# Caught between a rock and a hard place :(



## Sm4llville (23 d ago)

Apologies for the long post and if this is not posted in the correct section..
I've been married for 16 years, we've been together for 20 and like all marriages we've had our ups and downs, tears and joy, good and bad times but now I am sadly at a point were i am right in the middle of what i should do as either way I still would not be happy..
When we 1st met, i was working on a cruise ship personal training and for months in my contract I've not had any attraction to any other girl. When my wife came on I instantly was drawn to her, her outward look on life, energy, free spirit, highly confident and fun to be with. I was 30 and she was 23 at the time. She made me feel young again and we started dating and eventually left the cruise ships.

Please don't be harsh on me for this.

We've all had previous relationships, sex, close friends etc, my past consists of sleeping with 2 people and also having a bit of fun with another 2 ..The 1st time i slept with someone was when i was 15
In the beginning my wife said that she had slept with 14 people, i was very surprised and shocked at the same time, she 1st had sex when she was 13.

We had great sex for a few years after we were married, had a few ups and downs were she went through an ectopic pregnancy and then also found out after we could not have kids, tied IVF which did not work and also took a toll on her so we decided to not try again, i wanted to adopt and still do but she says the kids will all be hard work, either disturbed, abused, from drug abuse families so i've not went any further with that..
After that her eyes were a problem for a few years and we finally got that sorted out, then she slowly became quiet, guarded and was not the same person I knew and met, fell in love with
We decided not to try IVF again or adoption as she said it was very painful, going through an ectopic and then being told you can't have children.
Our problems started after this when she would get irate with me for no reason, be snappy and developed a cold manner..Even had arguments during sex which i found quite upsetting and this lasted for a few years until i started to question her and she then said she'd never recovered from the ectopic pregnancy, issues with her eyes and be told she cant have kids, i was and still am always there for her and supported her 100% and still do love her like the 1st day we met. Is it possible that we can't have kids due to her many past sexual partners, i don't know, does this affect a woman in any way, i dare not ask her or if she ever had any STI's

I then started to ask her about her past and how free she was and slept with so many people but gave me nothing like that for app 8 years, no attention, love or initiated anything in the bedroom, she was always just quiet which made matters worse as it just got shelved and again lasted for app 8 years
i was so frustrated that i was on the verge of leaving as i could not take this anymore, i asked again about her past partners and having 14 sexual partners, she said that was what everyone was doing and she didn't really enjoy it but then i asked why still continue having sex again, she said she used to be so drunk that she could barely remember and after that she'd move on to the next partner.
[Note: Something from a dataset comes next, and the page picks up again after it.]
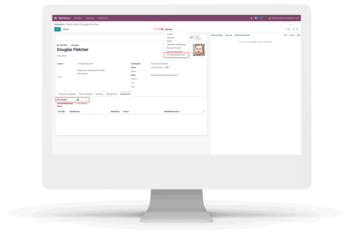 Go to Members Module -> Choose a Member. Based on the condition Free or Paid this will allow you to print Membership Card. If it is Free, Enable Free Member -> Action -> Print Membership Card.

It seemed the more i asked the more she said which was good she was opening up but the info i now have in my head is killing me. She went on holiday on 2 separate times and also slept with complete strangers and when questioned why she said it happened in 2 weeks of meeting so i was to accept that.
Before she came on the cruise line i worked with she said a close friend of hers, the ships purser had sex with her while she was so drunk, but then why always put yourself into that situation i asked, and she said nothing.
She also had and slept with another chap on that very cruise line as the purser .

I do apologize for this long post and you can hate me, tell me I'm wrong, obsessive but it's just the way i feel, sorry
I have now been on medication, oxycontin, oxynorm, codeine, co-codamol, all opioids for my mental state and am depressed with constant images of her being with other men and thoughts of what they did, also any small triggers sets me off and then it last for a day or 2.. It's affecting my marriage but i don't show this to her as i don't want to upset her and go on about it as i know it was all before she met me .
We'd be sitting after dinner and all of a sudden if i see something on TV or hear something thats a trigger and it setts me off in my mind and i just sit there eyes shut and try to sleep it off and fighting in my head for it to go away.
I am at a point not where i can not control it or fix it..constant images of her being with other men, her being blind drunk where she can't remember what went on and how she behaved
We nearly separated app 5 times now and she finally realized how this has affected me now she tries her best to initiate sex, attention and always caring and loving but even then thoughts creep into my head and i can not cope any longer
I've not shown this to her as i know it will break her as we've been through so much together..
Just had to put our dog, little Girl Della off to sleep about a month ago as he was so old, she was like a child and i know we needed her more than she needed us but it kills me everyday that she's not here with us .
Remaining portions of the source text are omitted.